Purpose: Congenital diaphragmatic hernia (CDH) survivors experience increased risk of medical and neurodevelopmental challenges. This study describes the health-related quality of life (HRQOL), special education utilization and the family impact among neonatal CDH survivors.
Methods: A single-center prospective cohort of CDH survivors born between 1995 and 2006 was followed. Parents completed the PedsQL HRQOL index and a Family Impact survey to assess the need for medical equipment, home health services, and special education and quantify the burden placed on the family by their child's medical needs.

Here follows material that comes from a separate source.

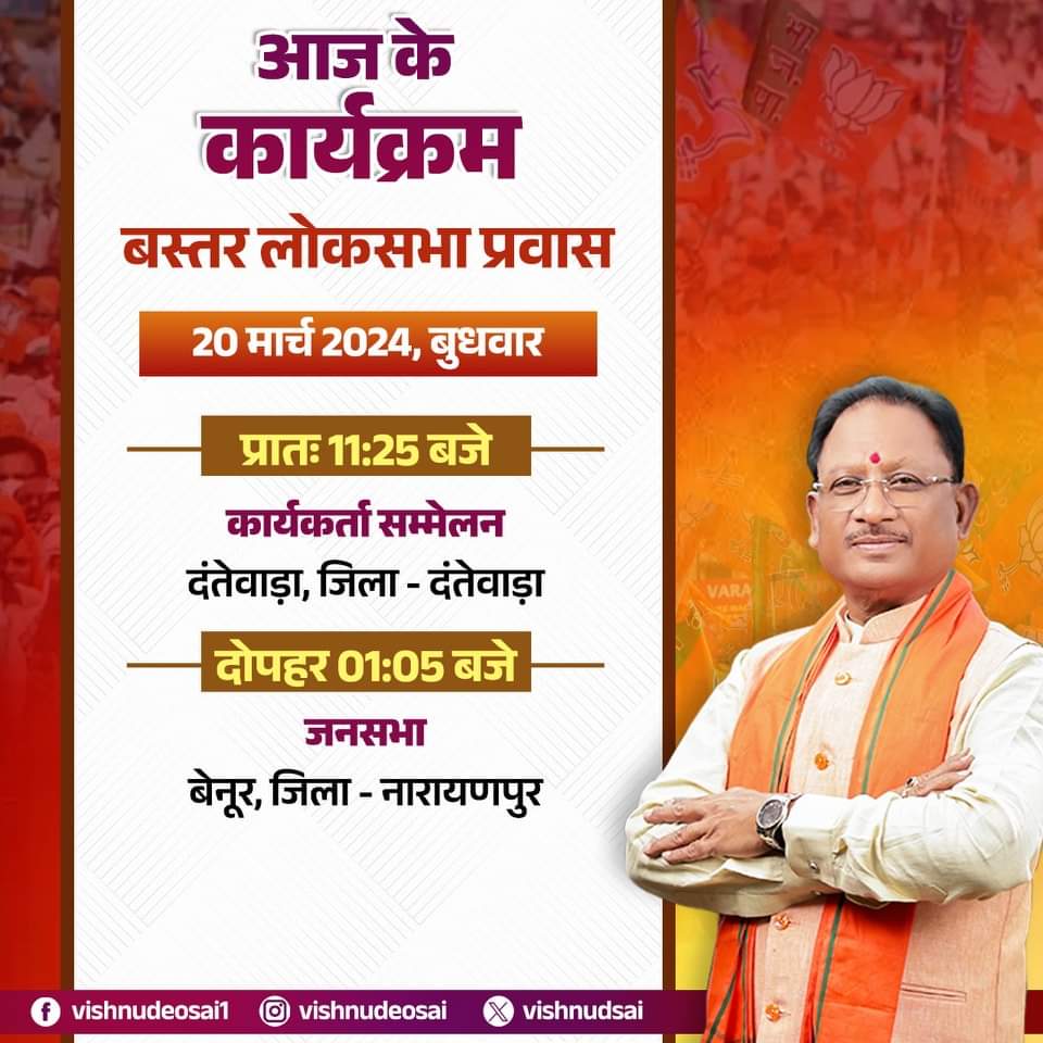 आज बस्तर दौरे में रहेंगे सीएम श्री विष्णुदेव साय दंतेवाड़ा में कार्यकर्ता सम्मेलन, नारायणपुर में जनसभा को करेंगे संबोधित… राजनीति 20 March 2024satyakasamnaLeave a Comment on आज बस्तर दौरे में रहेंगे सीएम श्री विष्णुदेव साय दंतेवाड़ा में कार्यकर्ता सम्मेलन, नारायणपुर में जनसभा को करेंगे संबोधित… छत्तीसगढ़: सत्य का सामना/सीएम विष्णुदेव साय जी का दौरा कार्यक्रम इस प्रकार है … Post Views: 43

Results: Parents of 32 survivors participated at a mean survivor age of 8 ± 4 years. Many survivors utilized medical equipment (62%), home health services (18%) and special education (28%). CDH survivor HRQOL (79 ± 17) did not differ significantly from that of healthy children (83 ± 15, p = 0.12). HRQOL was diminished among survivors who required special education (67 ± 8 vs 82 ± 3; p = 0.04) and those reporting increased Family Impact score (p = 0.001).
Conclusion: Many CDH survivors continue to require home medical equipment and home health services at school age. Most survivors have normal parent-reported HRQOL; however, the need for special education and higher family impact of neonatal CDH correlates with decreased HRQOL.
Keywords: Birth defect; Family impact; Quality of life; Special education.